Doi : 10.1016/j.gie.2007.08.023 
Manon C.W. Spaander, MD, Sarwa Darwish Murad, MD, Henk R. van Buuren, MD, PhD, Bettina E. Hansen, MSc, Ernst J. Kuipers, MD, PhD, Harry L.A. Janssen, MD, PhD
Current affiliations: Department of Gastroenterology and Hepatology (M.C.W.S., S.D.M., H.R.V.B., E.J.K., H.L.A.J.), Department of Epidemiology and Biostatistics (B.E.H.), Erasmus MC University Medical Center Rotterdam, Rotterdam, The Netherlands 

Reprint requests: H.L.A. Janssen, MD, PhD, Department of Gastroenterology and Hepatology, Erasmus MC, University Medical Center Rotterdam, Dr.
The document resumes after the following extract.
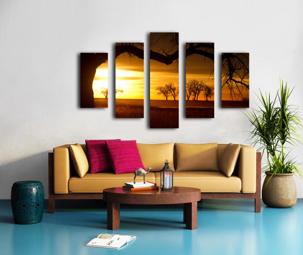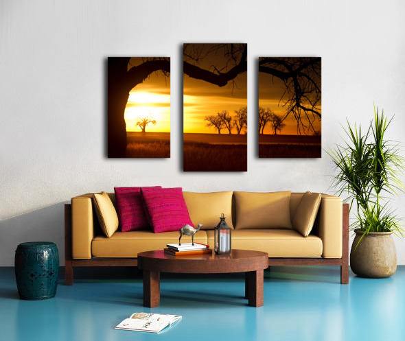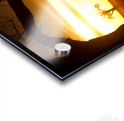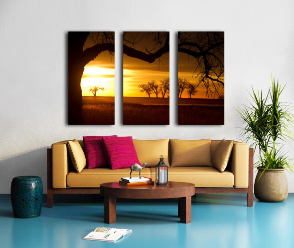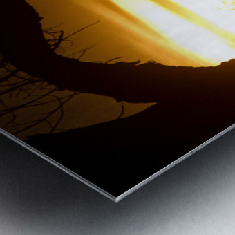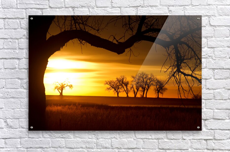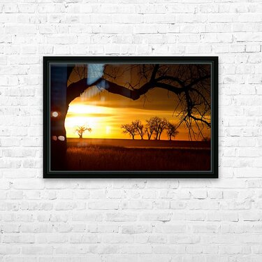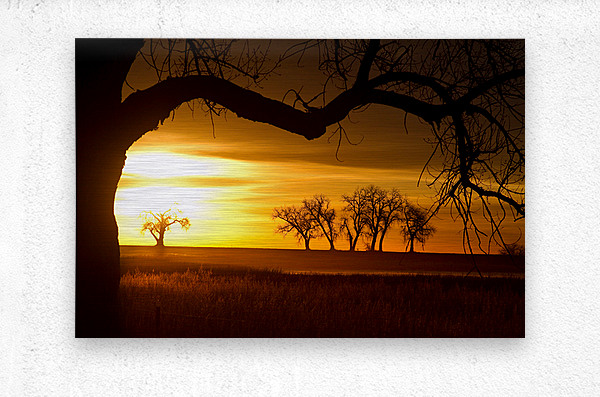 A radiant fine art photography print capturing the golden glow of sunrise across an open meadow. Silhouetted trees stand gracefully against the warm horizon their branches framing the morning light in a poetic embrace. Perfect for wall art this image brings the quiet beauty of dawn and nature?s timeless serenity into any space.

Molewaterplein 40, Room Ca 326, 3015 GD Rotterdam, The Netherlands.

Rotterdam, The Netherlands

Abstract

Background

Esophagogastric variceal bleeding is the most important complication of extrahepatic portal vein thrombosis (EPVT) and is usually treated endoscopically. Little is known about the prognosis of these patients.

Objectives

To investigate the long-term clinical outcome and efficacy of endoscopic treatment in patients with esophagogastric variceal bleeding secondary to EPVT.

Design

Retrospective observational study.

Settings

Single university center.

Patients

Twenty-seven consecutive patients with esophagogastric variceal bleeding, secondary to noncirrhotic, nonmalignant EPVT, who underwent endoscopic treatment between 1982 and 2005.

Interventions

Endoscopic band ligation and/or endoscopic sclerotherapy.

Main Outcome Measurements

The overall rebleeding risk, overall survival, complications of the endoscopic procedures, and predictive values of rebleeding. Analyses were performed by the Kaplan-Meier method and univariate Cox regression.

Results

All patients were followed-up after the first endoscopically treated variceal bleeding. A total of 241 endoscopic procedures were performed. In all patients, initial control of bleeding was obtained. The overall rebleeding risk was 23% (95% CI, 0%-24%) at 1 year and 37% (95% CI, 43%-83%) at 5 years. Extension of thrombosis into the splenic vein and the presence of fundal varices were significant predictors of rebleeding, with a nearly 5-fold increased risk for patients with EPVT and fundal varices at the time of the first variceal hemorrhage (hazard ratio 5.07, P = .01). A portosystemic shunt procedure was performed in 5 patients: 4 for variceal bleeding and in one patient for refractory ascites. Seven patients died, none from variceal bleeding. Overall 5-year and 10-year survivals were 100% and 62% (95% CI, 38%-96%), respectively.

Limitations

Retrospective design.

Conclusions

In patients with variceal bleeding secondary to EPVT endoscopic treatment, in particular, band ligation appears safe and effective. EPVT-related mortality is primarily determined by other causes than variceal bleeding.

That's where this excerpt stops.